Saved data entries:
________________________________________

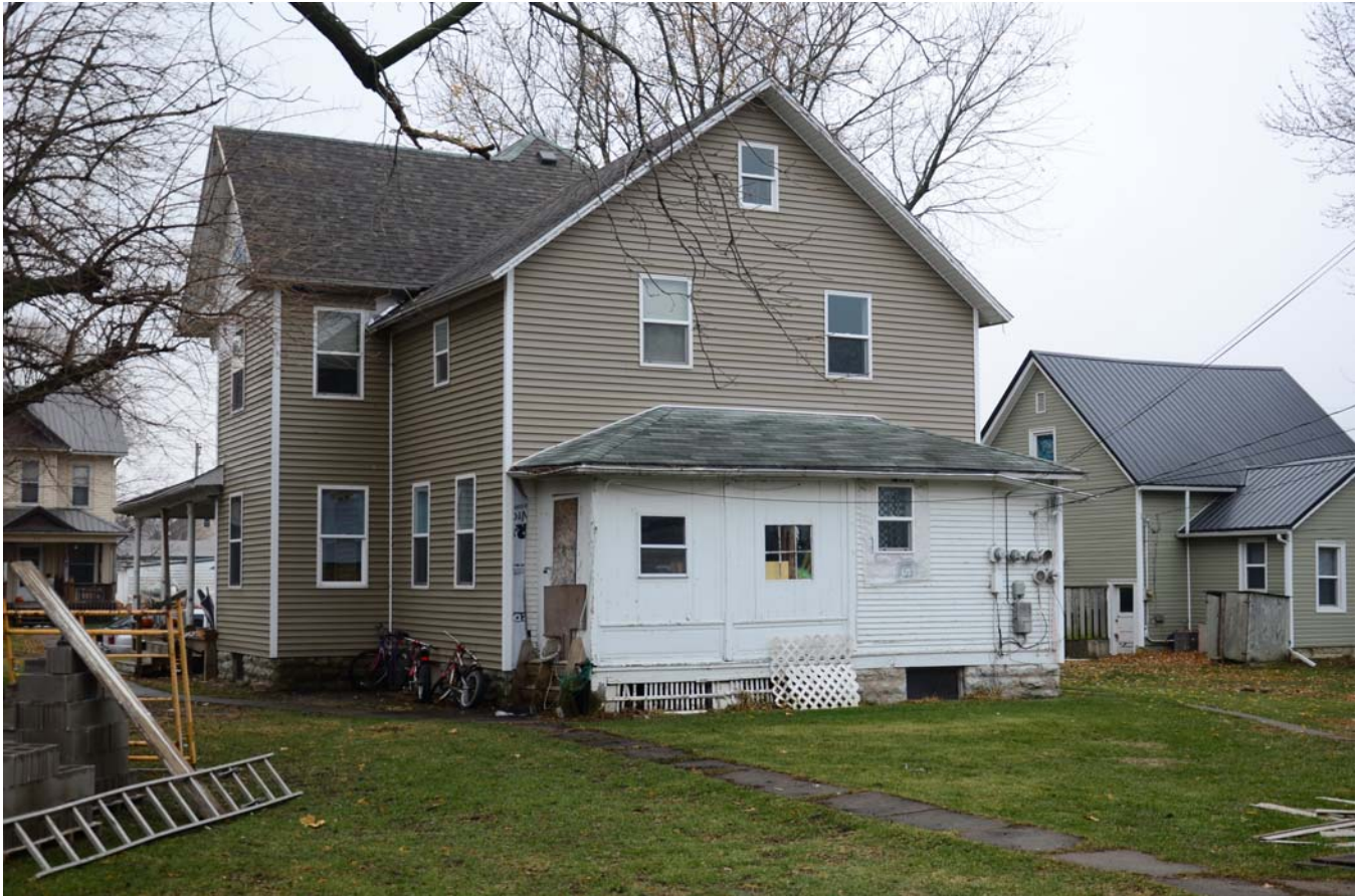
Photograph 92-00735-004 - House, looking southwest (December 2014)
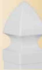
Gothic Cap 4", 5"
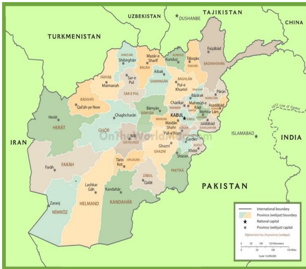
Map of Afghanistan
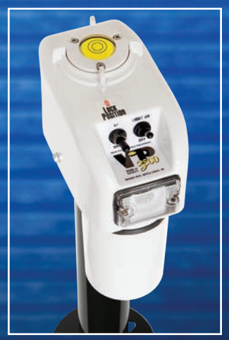
VIP 3500 - WHITE | P/N 30828
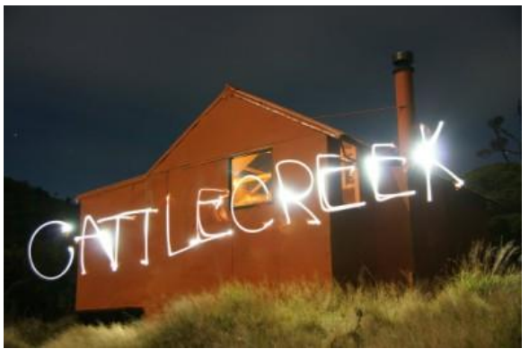
Cattle Creek - an exercise in writing backwards. By Chris Tuffley

In future, the PNTMC photo competition categories will be aligned with those at FMC. The winners will be sent to FMC for their 2013 photo competition. The FMC categories set out below were used for the Interclub Competition:
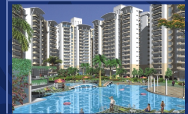
KRISHNA APRA GARDENS Indirapuram, Ghaziabad
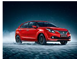
Baleno RS sets your heart racing with its powerful performance and road... The Nexa Experience
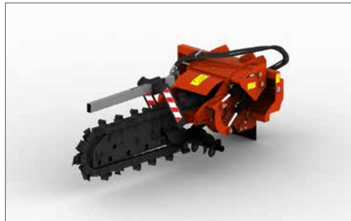
ST120H (HYD. SLIDING TRENCHER)
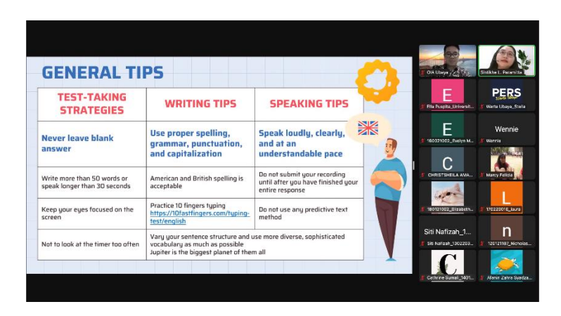
Figure 3. Tutorial on the Use of Duolingo Application

Today's students must acquire foreign language skills for various reasons substantiated by research and academic literature. Research conducted by Risadi et al. (2022) underscores that motivation to learn a foreign language, stemming from both intrinsic and extrinsic sources, plays a pivotal role in one's success in foreign language acquisition. Proficiency in foreign languages can enhance students' competitiveness and open up career opportunities, particularly in sectors such as tourism, international business, diplomacy, and academia.
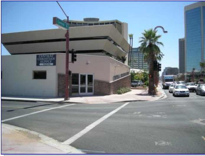
South View of the property
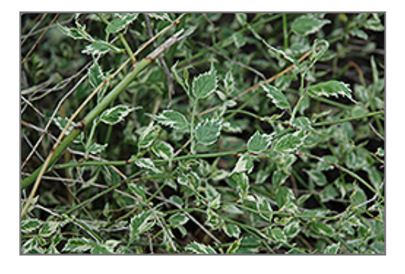
Picta Japanese Kerria foliage
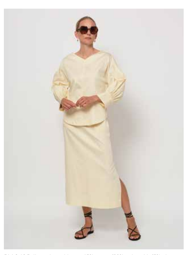
51.LC.10 Balloon sleeve blouse: 65% cotton/30% polyamide/5% elastan 51.LC.15 Pencil skirt: 65% cotton/30% polyamide/5% elastan
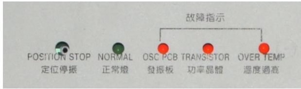
Error Display LED
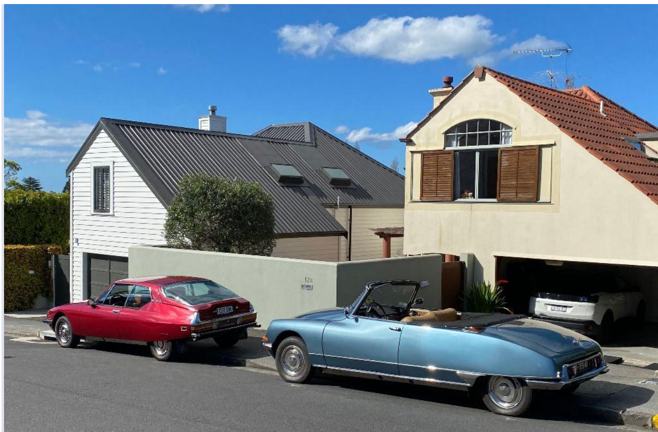
La Belle meets La Bête in Auckland
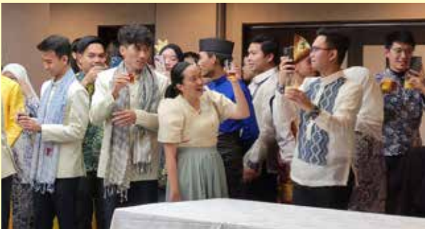
Participating Youth chatting pleasantly at the Welcome Reception (6th December)
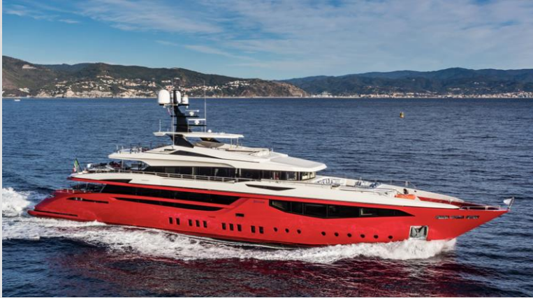
M/Y Ipanema – MM 50M

Founded in 1915, Mondomarine has delivered 34 superyachts

________________________________________

Exercise:
Return every line in the records that includes the string "December".

Response to this exercise:
Photograph 92-00735-004 - House, looking southwest (December 2014)
Participating Youth chatting pleasantly at the Welcome Reception (6th December)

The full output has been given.